Выждав паузу, Евгений Васильевич почтительно протянул ему стакан с водой:
– Запей, Кальт.
И добавил:
– Гибнут алчущие чего-то при смене власти. А если ограничить себя смирением, картохой, махрой да штанцами с дырками, то уцелеешь. А нет – так такую малость, как эта жизнь, и не жалко.
В завершение последнего полноценного рабочего дня Евгений Васильевич обежал кабинет, подозрительно и пристально оглядывая обстановку.
– Что бы такое стащить из вещей для дома?
Сняв с гвоздиков щербатое по кромке зеркало, он любовно протер его рукавом кителя, шепнул заговорщицки:
– Без зеркала мы с котом. Третья семья от нас ушла с зеркалом.
Кальтенберг тревожно наблюдал за разграблением казенного имущества. Аскетичная Альбина прибрала к рукам двухметровую глянцевую разноцветную карту Российской Федерации. Еще теплый камин отошел Наине Бургановне, а электрический чайник Евгений Васильевич лично отнес в соседний отдел и нахально пытался продать его там по той же цене, по какой приобрел его лет семь назад, за что и был выставлен в коридор, возможно коленом.
Алея от стыда лицом, Кальтенберг извинялся перед соседями, втихую выкручивая кисть возмущенному до детских слез Сапожникову.

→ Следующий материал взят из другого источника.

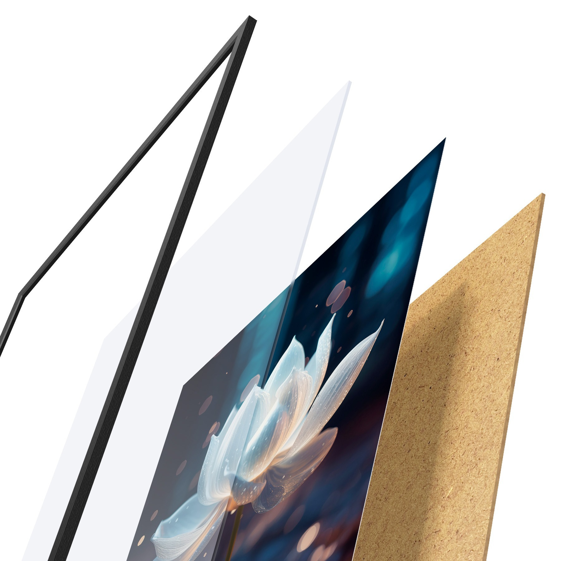 Il poster è composto da cornice, plexiglass, immagine stampata e supporto in truciolato. Il poster può essere immediatamente appeso alla parete grazie ai supporti sul retro.
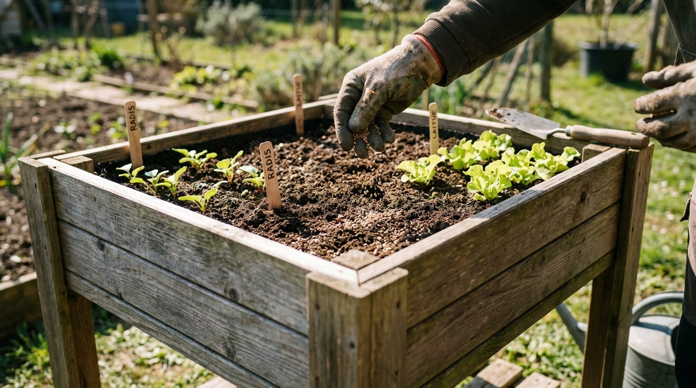 Pour les bacs destinés aux légumes-racines (carottes, navets, radis), évitez les terreaux trop riches en azote et privilégiez un mélange encore plus drainant. Pour les plantes aromatiques méditerranéennes (thym, romarin, lavande), ajoutez davantage de sable ou de gravillon fin : ces plantes sont taillées pour les sols pauvres et bien drainés de leur région d'origine.

Тем же вечером Евгений Васильевич приколотил трофейное зеркало к стене в прихожей.
Исполнив вечерний обряд кормления Парамона вареной рыбой, он в смятении походил по квартире, растирая шишку на правом боку, потом сдернул с полки книжку и завалился на диван. Кот пристроился на груди, излучая доброжелательность, поурчал и через минуту заснул. Из динамиков тихо напевал старик Элвис: «Мудрецы говорят, спешат лишь дураки…»
Книга называлась «Древнекитайская философия», пролистнув несколько страниц, герой мягко схлопнул фиолетовый том.
В конфуциевы времена он, безусловно, слыл бы гуманистом, отвечал бы всем принципам добродеятельности, включая и строгое подчинение сложившемуся разделению социальных ролей: узник должен быть узником, надзиратель – надзирателем, инженер – инженером, чиновник – чиновником. Он был доволен своим положением пленника, и пока находились желающие владеть рабами, он был согласен быть рабом. Он так гордился, что всю жизнь провел в золотой клетке, которой для него было конструкторское бюро, что когда клетка развалилась, воспринял это как понижение социального статуса и крушение всей жизни.
Как оправдывался Кальтенберг, его растерянное лицо, ускользающий взгляд…
– Когда корабль идет ко дну, в первую очередь избавляются от балласта.
Десять лет – приходили с утра в отдел и ржали, искали по археологической таблице, когда разделились с грибами. Где бы им всем опять сползтись, гадство?!
«Ведь я не могу не любить тебя…»
Евгений Васильевич быстро поднялся, потоптался в прихожей, натягивая куртку-аляску, и вышел из дома.
Ледяная, глянцевая дорога вела его к новостройкам, где в высотном доме на первом этаже жила женщина, с которой они расстались полтора года назад. По пути пришлось зайти в случайный магазинчик со старомодным высоким крыльцом, зато бутылка коньяка уладила это неудобство.
Подходя к дому, Евгений Васильевич кинул взгляд на знакомые два окна, они были уже мрачны и пусты, как черные глазницы на черепе. Однако он решительно вошел в подъезд и поднялся по лестнице на один пролет.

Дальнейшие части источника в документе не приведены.